**WHAT IS REQUIRED**: Where a record holds a picture, leave the picture out; otherwise repeat every record exactly.

Source records
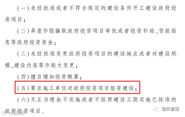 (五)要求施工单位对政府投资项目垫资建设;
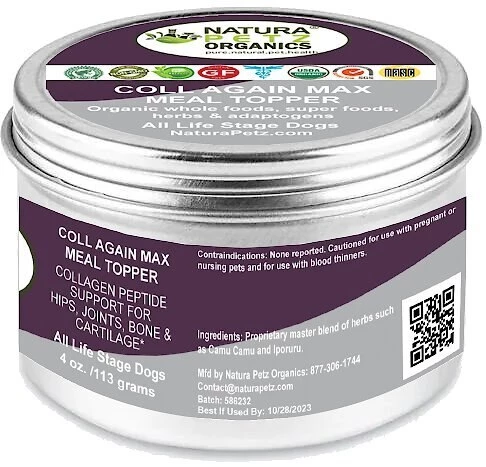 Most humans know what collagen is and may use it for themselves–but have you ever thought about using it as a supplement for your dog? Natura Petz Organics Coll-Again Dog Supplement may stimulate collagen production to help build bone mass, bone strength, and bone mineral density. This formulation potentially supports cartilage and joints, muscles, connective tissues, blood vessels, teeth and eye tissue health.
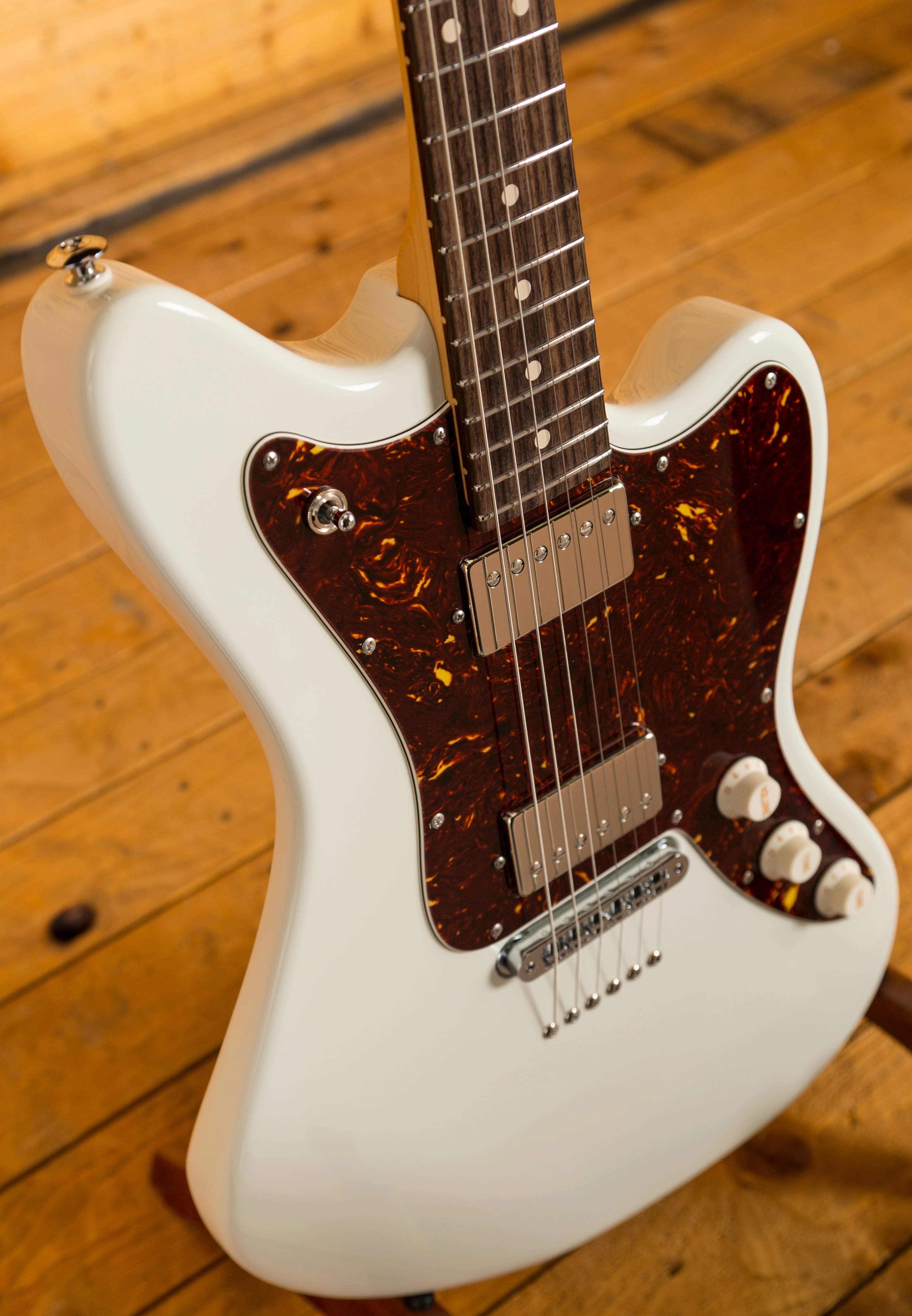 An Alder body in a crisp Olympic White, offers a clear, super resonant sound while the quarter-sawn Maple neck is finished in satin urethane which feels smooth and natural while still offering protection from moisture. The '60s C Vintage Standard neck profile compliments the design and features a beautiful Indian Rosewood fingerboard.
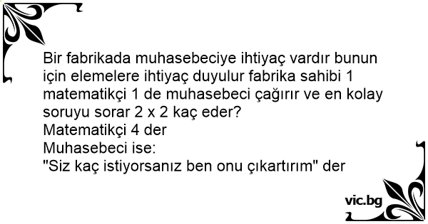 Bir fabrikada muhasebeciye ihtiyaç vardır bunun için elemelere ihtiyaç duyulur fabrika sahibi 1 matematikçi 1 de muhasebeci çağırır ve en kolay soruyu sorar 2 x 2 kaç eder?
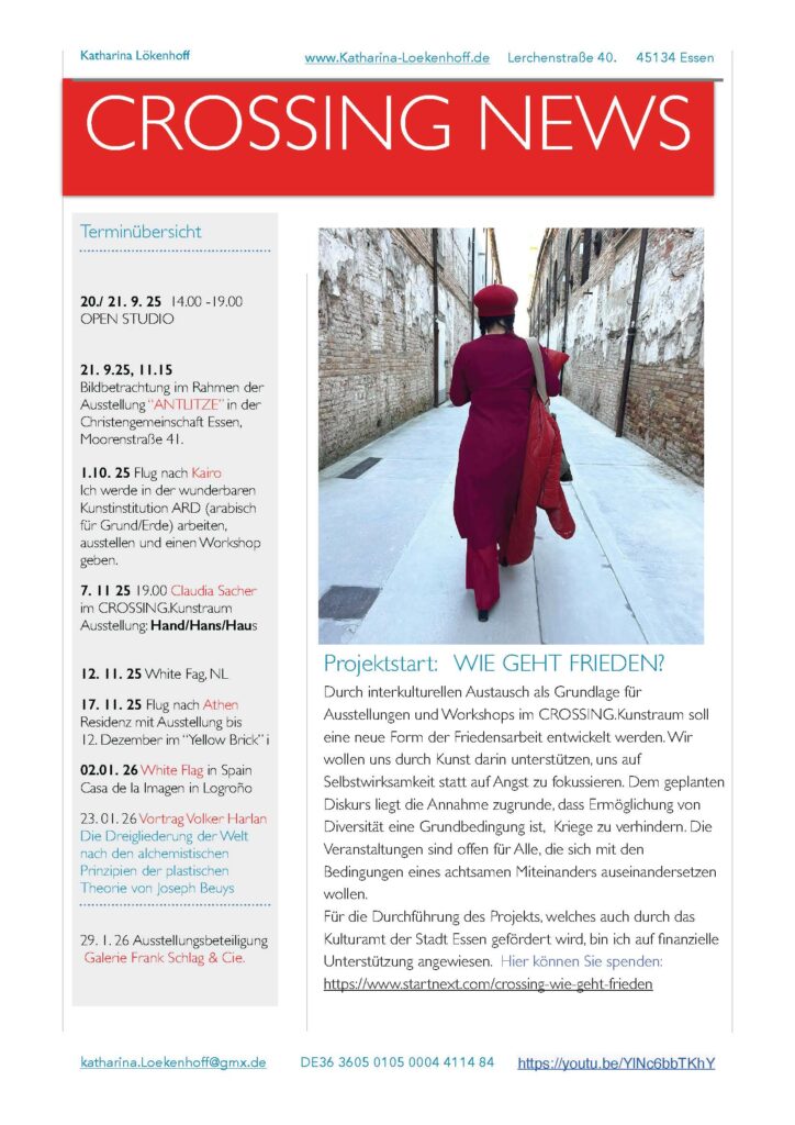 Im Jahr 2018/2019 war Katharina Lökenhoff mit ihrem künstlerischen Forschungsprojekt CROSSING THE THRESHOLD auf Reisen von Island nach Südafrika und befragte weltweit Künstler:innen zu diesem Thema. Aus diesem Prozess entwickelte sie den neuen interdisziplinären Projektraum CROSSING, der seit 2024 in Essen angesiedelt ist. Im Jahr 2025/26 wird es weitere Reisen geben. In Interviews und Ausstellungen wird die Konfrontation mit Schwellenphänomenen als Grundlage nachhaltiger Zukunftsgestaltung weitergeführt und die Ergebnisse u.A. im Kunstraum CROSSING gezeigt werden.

**RESPONSE BOX**:
 (五)要求施工单位对政府投资项目垫资建设;
 Most humans know what collagen is and may use it for themselves–but have you ever thought about using it as a supplement for your dog? Natura Petz Organics Coll-Again Dog Supplement may stimulate collagen production to help build bone mass, bone strength, and bone mineral density. This formulation potentially supports cartilage and joints, muscles, connective tissues, blood vessels, teeth and eye tissue health.
 An Alder body in a crisp Olympic White, offers a clear, super resonant sound while the quarter-sawn Maple neck is finished in satin urethane which feels smooth and natural while still offering protection from moisture. The '60s C Vintage Standard neck profile compliments the design and features a beautiful Indian Rosewood fingerboard.
 Bir fabrikada muhasebeciye ihtiyaç vardır bunun için elemelere ihtiyaç duyulur fabrika sahibi 1 matematikçi 1 de muhasebeci çağırır ve en kolay soruyu sorar 2 x 2 kaç eder?
 Im Jahr 2018/2019 war Katharina Lökenhoff mit ihrem künstlerischen Forschungsprojekt CROSSING THE THRESHOLD auf Reisen von Island nach Südafrika und befragte weltweit Künstler:innen zu diesem Thema. Aus diesem Prozess entwickelte sie den neuen interdisziplinären Projektraum CROSSING, der seit 2024 in Essen angesiedelt ist. Im Jahr 2025/26 wird es weitere Reisen geben. In Interviews und Ausstellungen wird die Konfrontation mit Schwellenphänomenen als Grundlage nachhaltiger Zukunftsgestaltung weitergeführt und die Ergebnisse u.A. im Kunstraum CROSSING gezeigt werden.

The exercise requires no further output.